EXERCISE DETAILS: Output the full listing below exactly as it reads, and skip anything that is a picture.

_ _ _ _

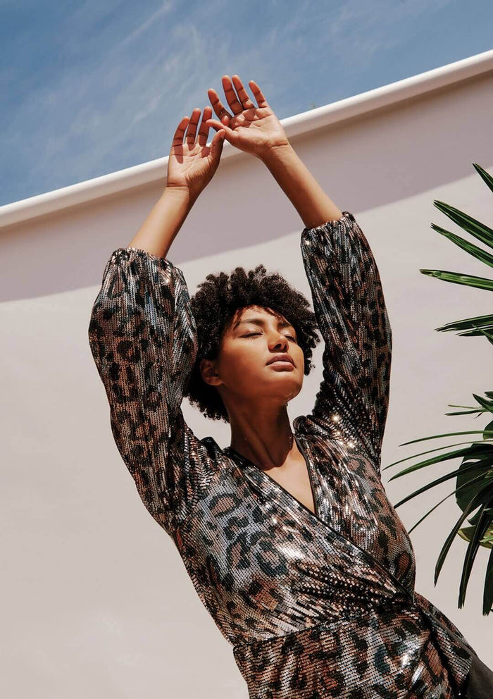 Shine bright like the star that you are in this super sexy mini. Covered in leopard print sequins, this dress is designed to stand out. The fixed wrap design features a ruffle detail at the waist and skirt that's flattering and fun. The full-length sleeves are gathered at the shoulder, ending with elastic cuffs to create a glorious billowing effect reminiscent of disco-era dance floors.
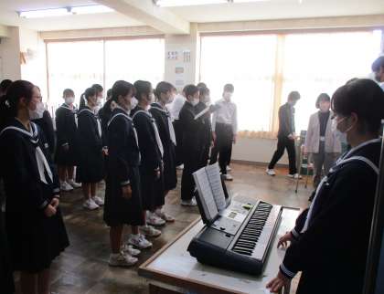3年生の合唱練習の様子を紹介します。 いよいよ明日は、全学年ともリハーサルとなります。
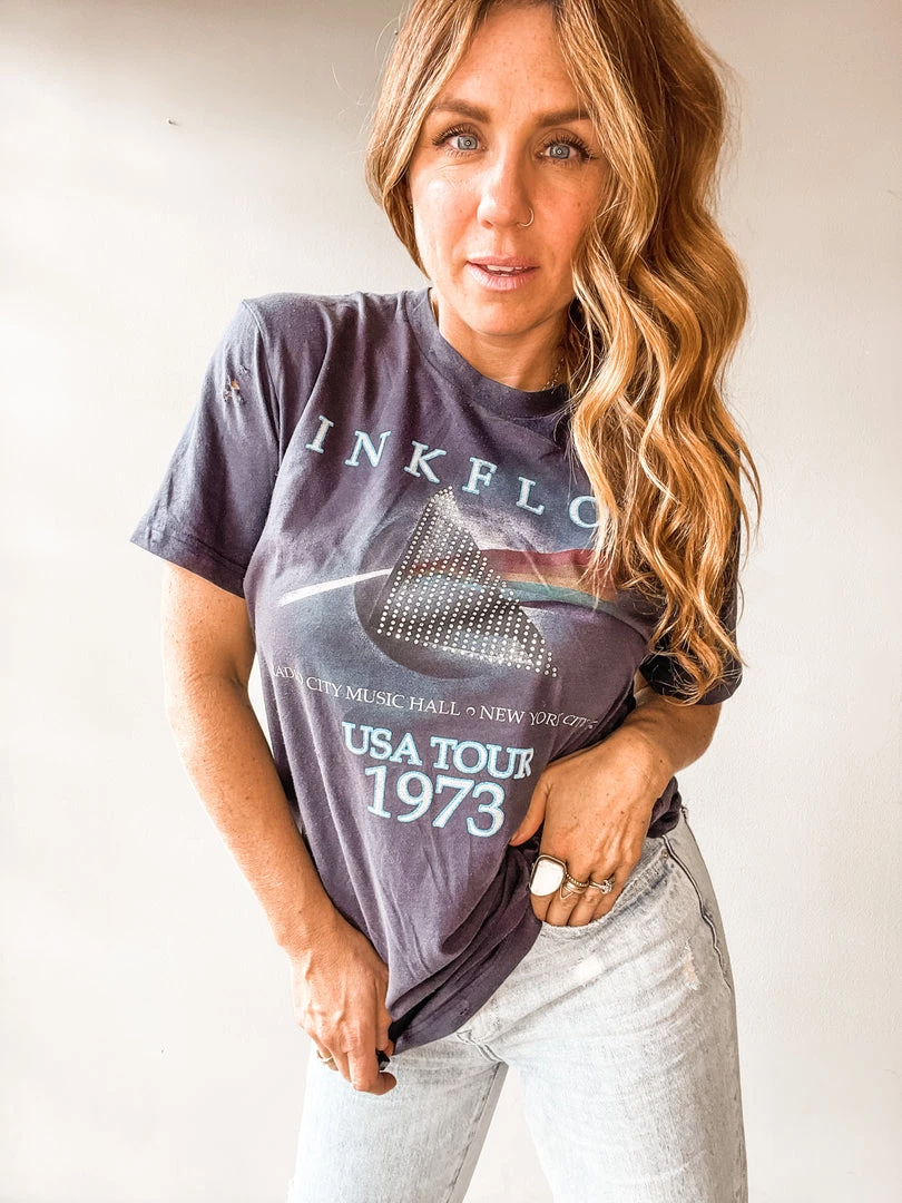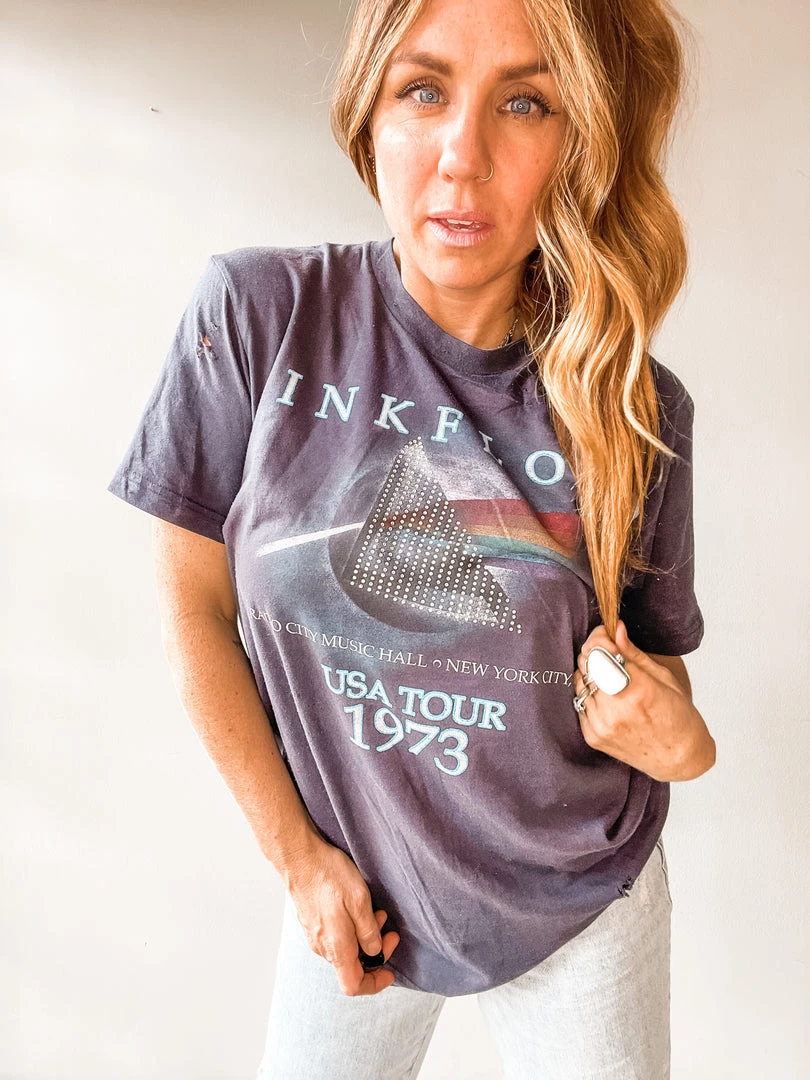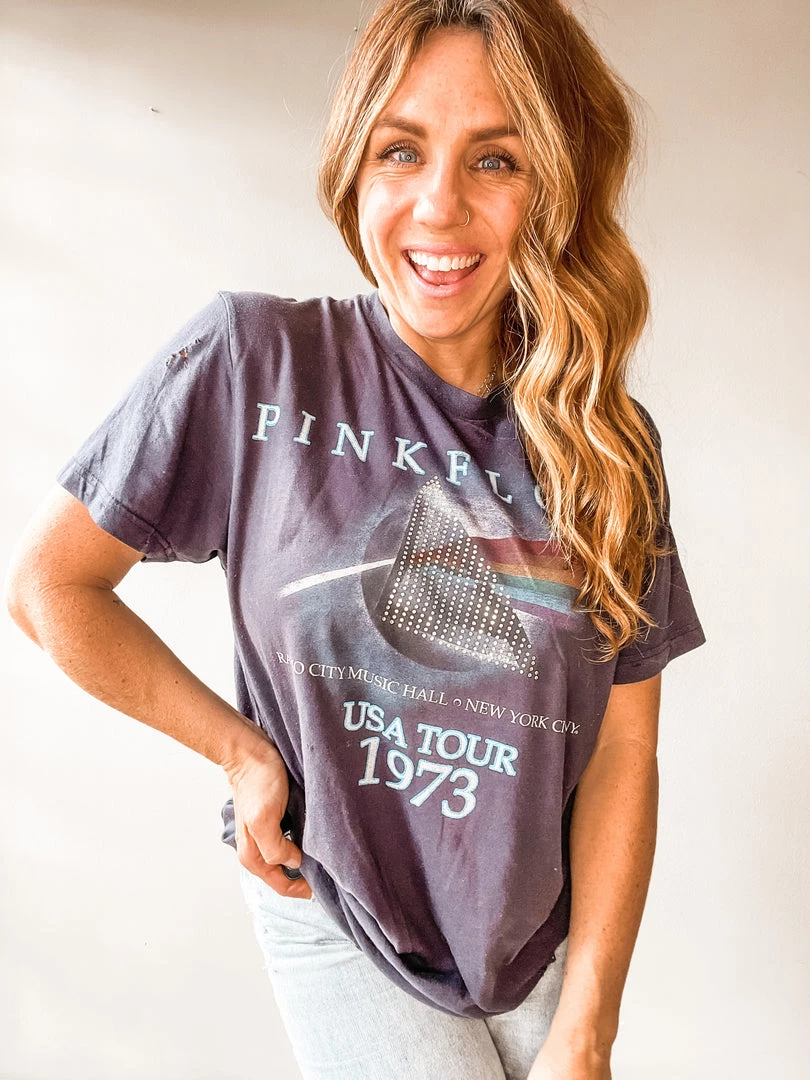 Love the custom embellishments on this classic Pink Floyd Vintage Tee. An oversized, buttery soft fit and feel, makes this the perfect one of a kind band tee to add to your closet.
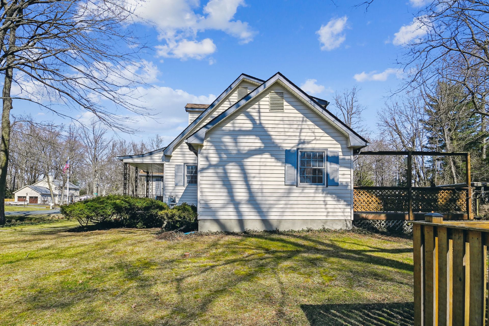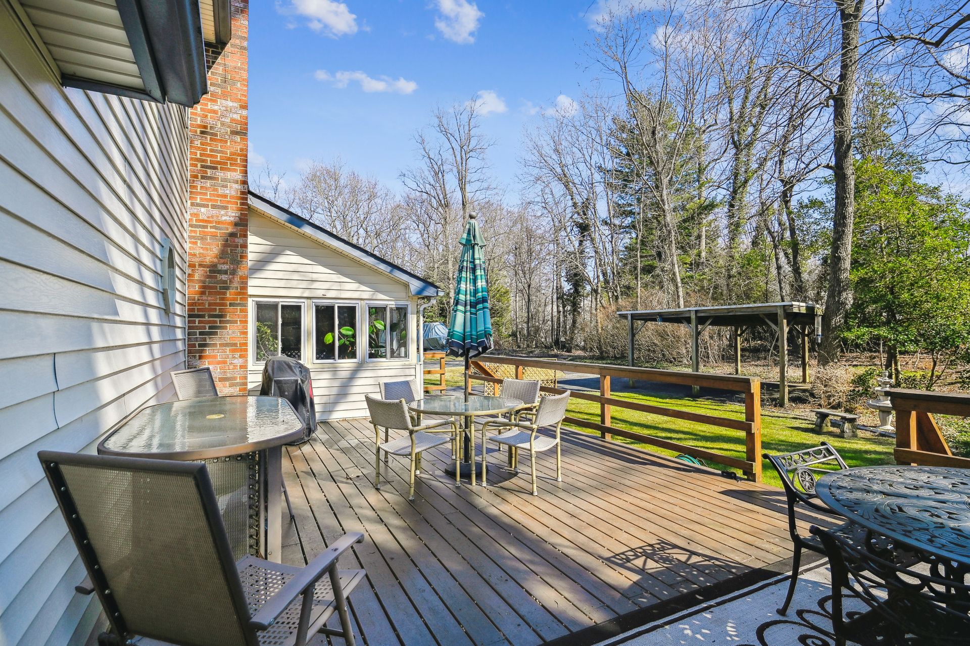 This Cape Cod Style home embodies the quintessential charm of traditional American architecture, characterized by its symmetrical facade, steep roofline and inviting front porch. The classic design elements evoke a sense of nostalgia and enduring appeal offering a warm welcome to all who enter with interiors suffused with natural light and an intelligently designed floor plan that exudes warmth and charm. Step outside onto a sprawling deck and backyard with landscaping that provides an enchanting retreat for relaxation and entertainment.
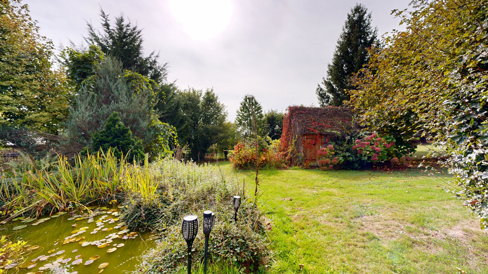 Le terrain entièrement clôturé de plus de 9 000 m², arboré (nombreuses essences variées) et soigneusement entretenu, constitue un véritable havre de paix. Les dépendances complètent l’ensemble : chalet et abri à bois

_ _ _ _

FINISHED EXERCISE:
 Shine bright like the star that you are in this super sexy mini. Covered in leopard print sequins, this dress is designed to stand out. The fixed wrap design features a ruffle detail at the waist and skirt that's flattering and fun. The full-length sleeves are gathered at the shoulder, ending with elastic cuffs to create a glorious billowing effect reminiscent of disco-era dance floors.
3年生の合唱練習の様子を紹介します。 いよいよ明日は、全学年ともリハーサルとなります。
 Love the custom embellishments on this classic Pink Floyd Vintage Tee. An oversized, buttery soft fit and feel, makes this the perfect one of a kind band tee to add to your closet.
 This Cape Cod Style home embodies the quintessential charm of traditional American architecture, characterized by its symmetrical facade, steep roofline and inviting front porch. The classic design elements evoke a sense of nostalgia and enduring appeal offering a warm welcome to all who enter with interiors suffused with natural light and an intelligently designed floor plan that exudes warmth and charm. Step outside onto a sprawling deck and backyard with landscaping that provides an enchanting retreat for relaxation and entertainment.
 Le terrain entièrement clôturé de plus de 9 000 m², arboré (nombreuses essences variées) et soigneusement entretenu, constitue un véritable havre de paix. Les dépendances complètent l’ensemble : chalet et abri à bois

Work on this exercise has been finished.